1. It's important to split the risk and function of the deregulated exchanges. If Kraken and Bitstamp get hacked and you have funds there that are lost, it's a big financial impact to you. If you trade CME futures that use Kraken as one of a basket of places they use only to set the index value and Kraken gets hacked, it has next to no impact or absolutely no financial impact to you. The potential maximum financial impact to you in the first case is huge, the potential maximum financial impact to you in the second case is tiny. So I would disagree with the line of thinking that says because CME uses unregulated exchanges to get reference prices, they're somehow even in the same risk universe as using unregulated exchanges.
While it's absolutely possible that a large spot exchange could get hacked and lose funds, in practice over multiple hacks over the last few years, the reputable exchanges have made their clients whole. In fact even some of the smaller ones have compensated users for hacks.
Your assumption that just because they are all unregulated they are all in the same risk universe is incorrect.
2. Sorry, only 21 crypto exchanges hacked, and one crypto itself "hacked" (yes, I understand it was a 51% attack and yes, I could go into a long discussion about exactly what that is, I'm not as ignorant on blockchain as you've assume). Versus zero regulated exchanges. How does that change my point exactly?
3. I never even intimated that CME BTC futures prices influence markets and if it does or not has absolutely nothing to do with my point. I'm really confused why you're bringing this up in response to my post pointing out that unregulated crypto exchanges carry a risk premium because they're demonstrably risky compared to CME?
The regulated exchanges you refer to here are CME/ICE BAKKT. Of course they wouldn't be hacked they don't have spot/physical. Why would anyone hack a futures exchange? Your argument is a strawman.
LedgerX? They stopped accepting retail a long time ago. Also, pretty sure they are unregulated too.
And in the same line of thought, what does the 51% on BTC Gold have anything to do with this discussion other than something you can point to?

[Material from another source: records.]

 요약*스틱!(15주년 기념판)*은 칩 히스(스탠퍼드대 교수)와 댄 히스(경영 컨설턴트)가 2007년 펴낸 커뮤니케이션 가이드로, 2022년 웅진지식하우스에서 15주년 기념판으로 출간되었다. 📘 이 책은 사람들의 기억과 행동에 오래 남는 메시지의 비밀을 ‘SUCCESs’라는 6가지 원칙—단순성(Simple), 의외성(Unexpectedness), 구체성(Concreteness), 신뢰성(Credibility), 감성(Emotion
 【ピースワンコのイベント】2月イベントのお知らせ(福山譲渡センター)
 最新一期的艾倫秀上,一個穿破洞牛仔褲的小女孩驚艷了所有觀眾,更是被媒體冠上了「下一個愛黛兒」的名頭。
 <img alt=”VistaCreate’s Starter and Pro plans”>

We are not talking about BTC Gold, drop the strawmans.
My point with CME futures prices is that you insinuate that only regulated exchanges are worth trading/reliable counterparties, which is incorrect. CME/BAKKT crypto products could disappear overnight and it wouldn't affect the crypto space/prices at all. A large spot exchange disappearing overnight would.
4. Futures diverge from spot for a number of reasons depending on commodity. My assertion is that they diverge from spot in BTC because there is a very real risk that the platform you have to use in order to take advantage of that arbitrage opportunity is not itself risk free, it is in fact demonstrably very risky. And therefore the divergence in futures prices from spot is not a risk free or even low risk arbitrage opportunity, it is in fact a reflection of the risk that you take on in order to take advantage of that opportunity. I'm certainly open for discussion on what level of risk there is in a given unregulated exchange and if the current premium reflects that risk. Happy to learn from anyone who's willing to discuss that. But I'd advocate that claiming there is no risk, and furthermore claiming that anyone who claims there is risk is doing so from a position of ignorance, isn't terribly helpful in advancing the discussion. Refusing to acknowledge even the possibility of any minuses is more a sign of being caught up in a bit of a cult in my experience.

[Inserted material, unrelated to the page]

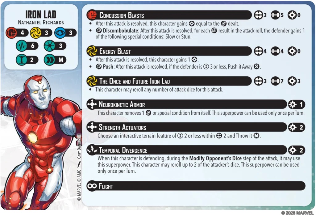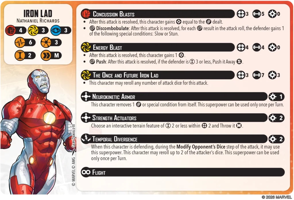 His injured side is the same stat-wise. For Superpowers he’s got Neurokinetic Armor which costs 1 power to activate. It allows Iron Lad to remove 1 damage or special condition once per turn. He’s also got Strength Actuators for 2 power. This one gives him a medium throw for terrain size 2 or less within range 2. After the terrain throw reworks, this isn’t too bad to have in your back pocket! Finally, we have Temporal Divergence which also costs 2 power. This one allows for Iron Lad to force the attacker to reroll up to 2 of their attack dice. That’s an interesting way to prevent damage/wilds from triggering.

There are 2 points you are mistaken here on given your assertion:
1)Since CME is a regulated exchange and has no counterparty risk, CME BTC futures shouldn't diverge from spot because the cost of carry is 0 for digital assets. So why do they?

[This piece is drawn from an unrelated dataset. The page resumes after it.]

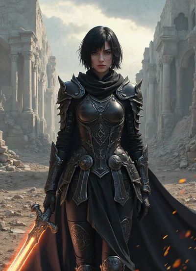 Name: Seraphyne Gabrielle Vaeloran (Sera) Race: Human Title: Fang of the Fallen Star Class: Warrior Affiliation: Black Sigil Adventurer’s Guild (former) Age: 29 Level: 24 Alignment: Lawful Neutral Weapon: Runeblade Greatsword (Starfang) Traits: Strength, intimidating, Strong willed Personality: Cold. Stoic. Fierce. Loyal. Silent. Ruthless. Disciplined. Guarded. Commanding. Burned. Unforgiving. Watchful. Broken. Protective. Resilient. Lone. Scarred. Sharp. Driven. Tense.

2)Again, you are mistaking futures basis for some notion of "risk premium" of counterparty risk. If you actually knew what you were talking about on this point, you would notice that most of the futures prices on non regulated exchanges are roughly the same. The prices of futures on these exchanges have nothing to do with the counterparty risk.
Also you completely did not address the fact I stated that if an exchange has serious counterparty risk, it will show up in that exchanges spot price for assets. Again, you need to research more.
To sum up, although you may have some knowledge of the space there is much more you need to know. Don't apply traditional asset thinking to digital assets.